The diagnostic criteria of hypertension used was in accordance with the diagnostic criteria of the "2018 China Guidelines for the Prevention and Treatment of Hypertension"23: systolic blood pressure ≥ 140 mmHg and/or diastolic blood pressure ≥ 90 mmHg and/or a previous history of hypertension diagnosed as hypertension. The diagnosis of HUA was as stated in the "Guidelines for the Diagnosis and Treatment of Hyperuricemia and Gout in China (2019)"24 and HUA was diagnosed when the SUA level was higher than 420 μmol/L for both men and women.

Statistical analysis

SPSS 25.0 (IBM, USA), STATA (version 15.1) and R software (version 4.0.0) with the rms package were used for data processing and statistical analyses. The counts data were represented by n (%), and chi-squared test was used for comparison between groups. Measurement data were represented by \(\overline{x}\) ± SD, and comparisons between groups were performed by Student’s t-test. The model construction and analysis can be divided into three stages:

In the first stage, the method of pure random sampling was used to select 70% of the sample size to form a training set for calculating parameters and building the model, and the remaining 30% of the sample size was used to form a validation set for testing and evaluating the model.

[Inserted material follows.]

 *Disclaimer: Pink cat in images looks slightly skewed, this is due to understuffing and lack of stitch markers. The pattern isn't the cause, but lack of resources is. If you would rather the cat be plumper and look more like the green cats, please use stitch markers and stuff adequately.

In the second stage, two models were constructed. The establishment of a nomogram model: for the training set data, univariate logistic regression analysis was carried out first. Variables with P < 0.05 were further analyzed by multivariate logistic regression analysis. On this basis, the rms package, which offers a variety of tools to build and evaluate regression models in R software, was used to establish a nomogram which could directly display the model. For establishment of the classification tree model, SPSS 25.0 was used for analysis and modeling in the training set, and debugging of the important parameters such maximum tree depth and minimum number of cases. After verification of the training set, when the maximum tree depth = 4, parent node = 200 and child node = 100, the model was deemed to have reached the optimal level.

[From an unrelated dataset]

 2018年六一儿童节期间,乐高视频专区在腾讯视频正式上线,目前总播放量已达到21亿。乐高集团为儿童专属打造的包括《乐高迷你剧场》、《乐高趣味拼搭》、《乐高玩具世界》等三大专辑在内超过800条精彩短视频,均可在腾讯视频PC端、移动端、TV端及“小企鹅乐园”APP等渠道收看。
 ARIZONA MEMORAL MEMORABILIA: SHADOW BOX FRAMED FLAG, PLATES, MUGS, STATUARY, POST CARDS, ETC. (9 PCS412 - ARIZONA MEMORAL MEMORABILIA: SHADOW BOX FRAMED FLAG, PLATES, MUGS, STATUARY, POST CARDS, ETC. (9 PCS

The third stage was the evaluation of the models. The receiver operating characteristic (ROC) curves were drawn to analyze the sensitivity and specificity of the two models, and the discriminability of the two models was evaluated by comparing the area under ROC (AUC). Using the rms package and drawing a calibration curve, the accuracy of the prediction of the two models was further evaluated. Finally, in order to determine whether the two models could improve patient prognosis, decision curve analysis (DCA) was drawn to evaluate the clinical practicality of the two models. All statistical tests were two-sided tests, and P < 0.05 was considered as statistically significant.

Ethical approval

This study was approved by Ethical Committee of Guilin Medical University in China (approval number: GLMUIA2019064). All research was performed in accordance with relevant guidelines. Informed consent was obtained from all participants and/or their legal guardians.

Results

Clinical characteristics of the subjects

The clinical characteristics of the population in this study are shown in Table 1. In this study, 2023 HUA patients (1861 males and 162 females) were identified, with an average SUA level of 482.41 ± 52.00 μmol/L, and 7229 non-HUA patients (3471 males and 3758 females), with an average SUA level of 312.52 ± 61.55 μmol/L. There were 6364 and 2888 cases in the training and validation sets, respectively.

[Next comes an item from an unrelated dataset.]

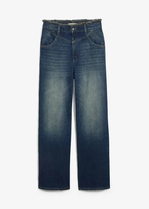 Gerade 5-Pocket-Jeans aus einem festen Baumwolldenim, der sich zunächst etwas steif anfühlt und durch häufiges Tragen weicher und lockerer wird. Hohe Bundhöhe mit Zip Fly und Knopf. Lange Länge, dass am Fuß ein leichter Satcking-Effekt entsteht. Diese Jeans hat durch das ausgewaschene Finish einen modischen Used-Effekt erhalten. Eine leichte Farbabgabe beim Tragen und in der Wäsche sind charakteristisch für diese Jeans. Innenbeinlänge in Gr. 42 ca. 78,5cm, maschinenwaschbar.
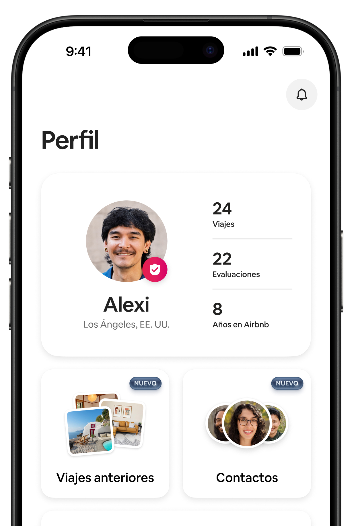 Un nuevo diseño del perfil de Airbnb que te permite mostrar adónde has viajado con Airbnb y a quién has conocido al hacerlo. Además, ahora destacamos los de los más de 200 millones de viajeros y anfitriones de todo el mundo que han completado nuestro proceso de verificación de identidad.

Table 1 Clinical characteristics of the population used in this study.

Participants in the training and validation sets had similar clinical characteristics, with no statistical difference in age, gender, BMI, prevalence of hypertension, prevalence of SUA, SCr, BUN, ALT, AST, prevalence of renal insufficiency and prevalence of diabetes (P > 0.05). In the training set, the age, gender, BMI, prevalence of hypertension, ALT, AST and prevalence of renal insufficiency of HUA patients were statistically different from those of non-HUA patients (P < 0.05). The comparison of clinical characteristics between the two groups in the validation set was consistent with the training set (Table 1).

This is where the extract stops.